A few months ago former World Bank lead economist, Branko Milanovic, released a new book titled Global Inequality. His work has taken the economics profession by storm since. One chart in particular, dubbed by some as the elephant graph, because, well, it looks like an elephant, tells a fascinating story. Branko has a new, very accessible article out today over on VoxEU. I am using that article and chart for this edition of the Graph of the Week.
What the elephant graph shows is “cumulative real income growth between 1988 and 2008 at various percentiles of the global income distribution.” While that’s a mouthful, these economic and income trends in recent decades are important. As discussed below, the elephant graph is also very relevant to our office’s recent work on prime working age Oregon men and women, including some more to come next week.
Branko labels 3 points (A,B,C) which are of particular importance:
The results show large real income gains made by the people around the global median (point A) and by those who are part of the global top 1% (point C). It also shows an absence of real income growth for the people around the 80-85th percentile of the global distribution (point B).
Branko goes on to explain which populations are at points A, B and C. “Nine out of ten people around the global median [point A] are from Asian countries, mostly from China and India. These gains are not surprising, given that Chinese and Indian GDP per capita has increased by 5.6 and 2.3 times, respectively, over the period… Such dramatic changes in relative income positions, over a rather short time period, have not occurred since the Industrial Revolution two centuries ago.”

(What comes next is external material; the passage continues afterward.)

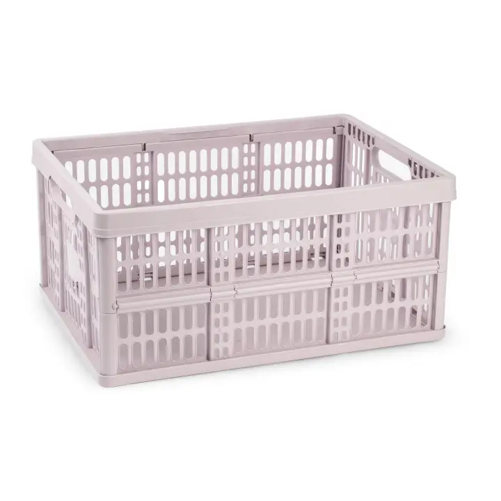 CABLEPELADO Caja Plegable con Asas, Caja Plástico Organizador, 48 cm Largo x 35 cm Ancho x 23 cm Alto, Capacidad 32 litros, Carga Máxima de 18 Kg, Rosa Claro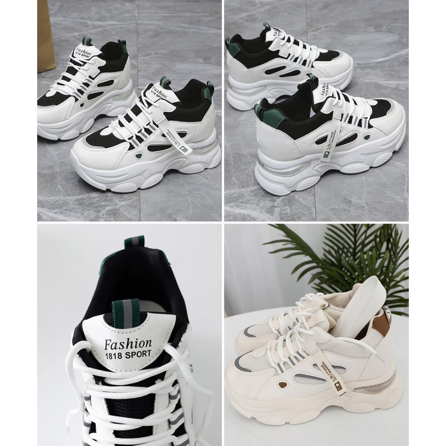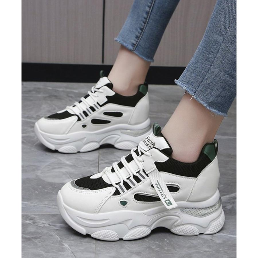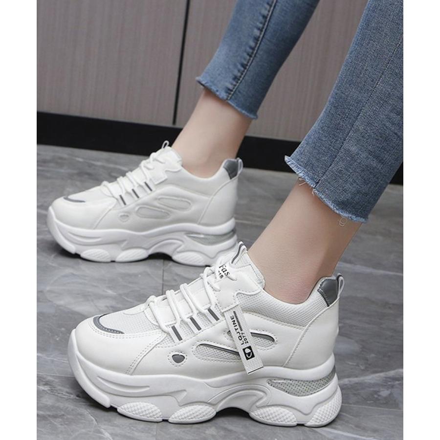 厚底ダッドスニーカー レースアップ 韓国 楽ちん フラットパンプス レディーススポーツシューズ

Point C consists of the global top 1%, which is “overwhelmingly people from the advanced economies – one half of the people in that group are Americans…”
Point B has been getting the most attention because it shows, effectively, no income growth in recent decades. And the fact that “Seven out of ten people at that point are from the ‘old rich’ OECD countries. They belong to the lower halves of their countries’ income distributions, for in effect the rich countries’ income distributions start only around the 70th percentile of the global income distribution.”
This gets at the overall stagnating median household income figures seen in the U.S. and here in Oregon too. It also gets at the lower inflation-adjusted wages for prime working age adults without a college degree, job polarization and the like. Again, I will have a bit more on this next week from an Oregon perspective.
What Branko’s elephant graph clearly shows is how these trends compare to the global changes seen in recent decades. In his article today, and in various book reviews you can find online, the discussion broadens to talk about inequality and the impact of globalization and the like, in addition to some political ramifications of these trends. However, for today I just wanted to highlight this new important work and how it helps place some trends we’re seeing in the U.S. and here in Oregon in a global perspective.